Segment Start: Dataset content

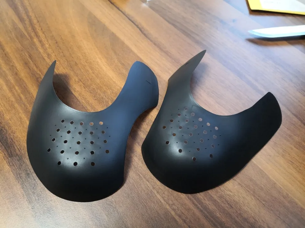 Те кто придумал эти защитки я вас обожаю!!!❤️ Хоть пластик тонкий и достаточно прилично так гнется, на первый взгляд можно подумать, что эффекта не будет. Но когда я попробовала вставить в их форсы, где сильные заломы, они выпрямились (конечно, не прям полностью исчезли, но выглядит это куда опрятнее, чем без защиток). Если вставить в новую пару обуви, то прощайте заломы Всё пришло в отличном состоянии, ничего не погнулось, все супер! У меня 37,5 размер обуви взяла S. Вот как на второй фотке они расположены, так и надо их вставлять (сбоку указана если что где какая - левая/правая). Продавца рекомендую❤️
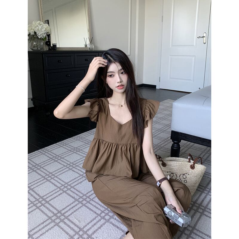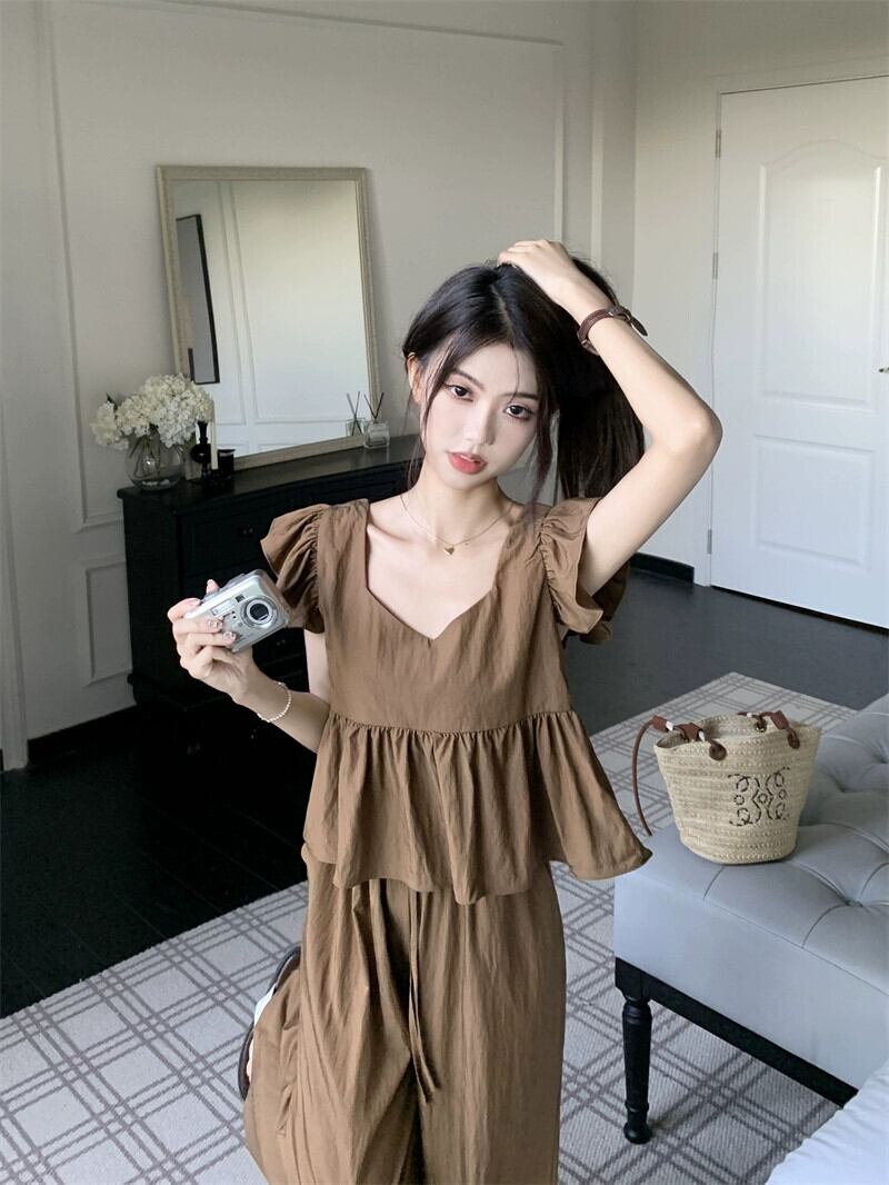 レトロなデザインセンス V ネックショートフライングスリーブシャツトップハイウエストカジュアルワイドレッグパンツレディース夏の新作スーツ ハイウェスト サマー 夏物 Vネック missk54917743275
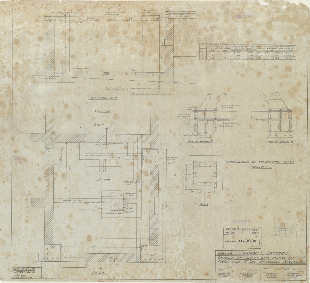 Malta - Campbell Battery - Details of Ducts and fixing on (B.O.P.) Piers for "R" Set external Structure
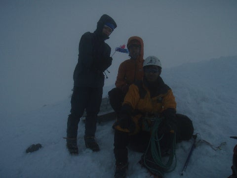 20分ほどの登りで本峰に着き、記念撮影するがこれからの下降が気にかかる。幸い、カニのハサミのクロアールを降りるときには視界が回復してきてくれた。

Segment End: Dataset content

Problem — Skip every picture and retype only the lines from the line with "Malta - Campbell" through the last line of the listing, both ends included, exactly as they appear.

Response for this exercise —
 Malta - Campbell Battery - Details of Ducts and fixing on (B.O.P.) Piers for "R" Set external Structure
 20分ほどの登りで本峰に着き、記念撮影するがこれからの下降が気にかかる。幸い、カニのハサミのクロアールを降りるときには視界が回復してきてくれた。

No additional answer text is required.